Sulla base di questa evidenza i ricercatori prima si sono chiesti se la stimolazione dei βAR recettori fosse responsabile della produzione di BDNF da parte delle cellule che compongono il muscolo cardiaco, spiegando così la scarsa produzione di questa proteina nel cuore infartuato che ha perso forza di contrazione.
Poi, se fosse possibile trovare altre possibilità per riportare la produzione di BDNF da parte delle cellule cardiache in un ambito di normalità. In particolare, gli studiosi hanno preso in considerazione la possibilità che, stimolando direttamente i recettori TrkB che sono sulla superficie delle cellule cardiache, si possa indurre la produzione di BDNF in queste stesse cellule e, così facendo, far aumentare la loro sopravvivenza e capacità di fare lavoro anche dopo un infarto cardiaco.

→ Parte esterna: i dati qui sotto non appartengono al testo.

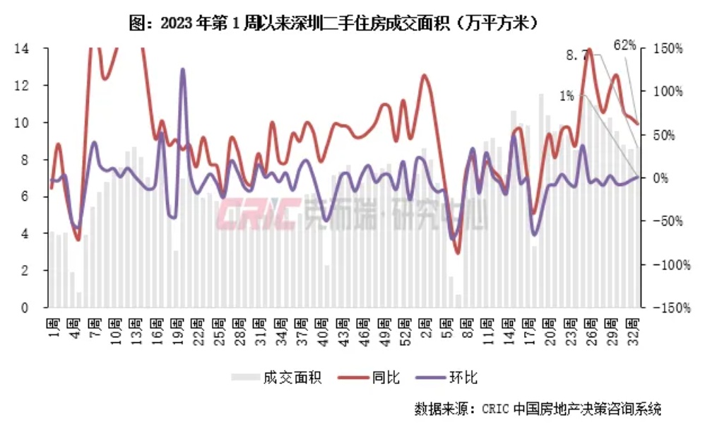 2024年第33周,深圳二手房成交面积8.7万平方米,环比增长1%,同比增长62%,较周平均增长3%。
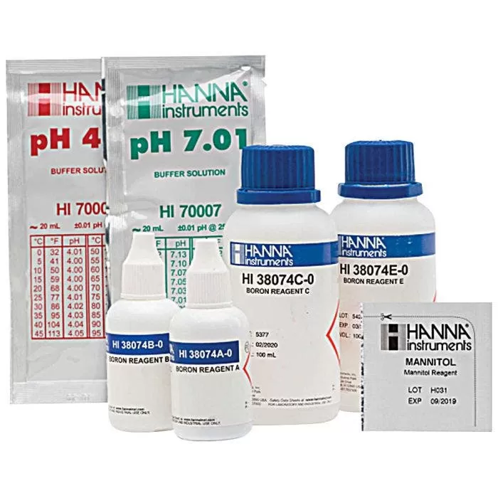 The Hanna Instruments Boron Test Kit provides readings from 0 to 5 milligrams per liter (mg/L) to 0.2 mg/L resolution.

“Abbiamo scoperto che, alcune settimane dopo l’infarto, i cuori di topi normali mostravano una drammatica riduzione della sopravvivenza delle cellule responsabili della contrazione cardiaca – spiega il professor Nazareno Paolocci, docente del Dipartimento di Scienze biomediche dell’Università di Padova e co-autore dello studio –, e che questo danno era fortemente aggravato nei topi il cui cuore era stato reso incapace di produrre BDNF al suo interno, attraverso delle manipolazioni genetiche”.
Prosegue Paolocci: “In una fase successiva dello studio, abbiamo somministrato sostanze chimiche capaci di stimolare sia i recettori TrkB sia i recettori βAR3, una variante dei recettori βAR che ha funzione di protezione contro l’infarto a livello sperimentale. In entrambi i casi, questi agenti hanno migliorato la funzione cardiaca dei topi infartuati, anche a molta distanza dall’iniziale infarto. Da notare che sia l’uno sia l’altro farmaco aumentavano il contenuto cardiaco di BDNF. La protezione offerta da questi agenti chimici era, invece, quasi del tutto scomparsa o molto attenuata nei topi, il cui cuore è incapace di produrre BDNF all’interno delle sue stesse cellule”.
I ricercatori hanno inoltre evidenziato che le azioni benefiche del BDNF prodotto dalle cellule cardiache attraverso questi stimolanti specifici non era limitato soltanto alle cellule cardiache che si contraggono (e che quindi producono lavoro cardiaco), ma anche a quelle cellule nervose e ai vasi che raggiungono il cuore: le prime controllano/propagano l’impulso elettrico al suo interno, le altre lo riforniscono di sangue.
“Una prima conclusione di questo studio è che questa proteina, il BDNF, ha la capacità di aumentare il ‘benessere’, ovvero limitare il danno dell’infarto cardiaco, a diversi livelli, cioè all’interno e all’esterno delle cellule del cuore – conclude Paolocci –. Un’altra importante implicazione è che noi disponiamo di particolari sostanze chimiche capaci di stimolare strutture specifiche presenti sulla superficie delle cellule cardiache possono aumentare la produzione ‘interna’ di BDNF che, se lasciata a sé stante, diminuirebbe col passare del tempo nel cuore infartuato, portandolo ad una cronica inadeguata capacità di contrarsi”.
La mortalità dopo infarto è diminuita molto negli ultimi decenni, grazie a diversi trattamenti, farmacologici e non. Per contro, rimane alto il numero di pazienti che sviluppano un’insufficienza di contrazione cardiaca a distanza di tempo dall’infarto iniziale.
Questa insufficienza cardiaca cronica limita molto la capacità dei pazienti di svolgere anche le più comuni attività di tutti i giorni, quindi la loro qualità di vita. Purtroppo, al momento, non ci sono medicamenti o procedure che possano migliorare sensibilmente questo stato di insufficienza cronica. I dati sperimentali presentati in questo studio aprono una nuova possibilità per combattere questa condizione che rimane tra le più invalidanti e costose dal punto di vista economico, e la cui frequenza continua a crescere pressoché ovunque nel mondo.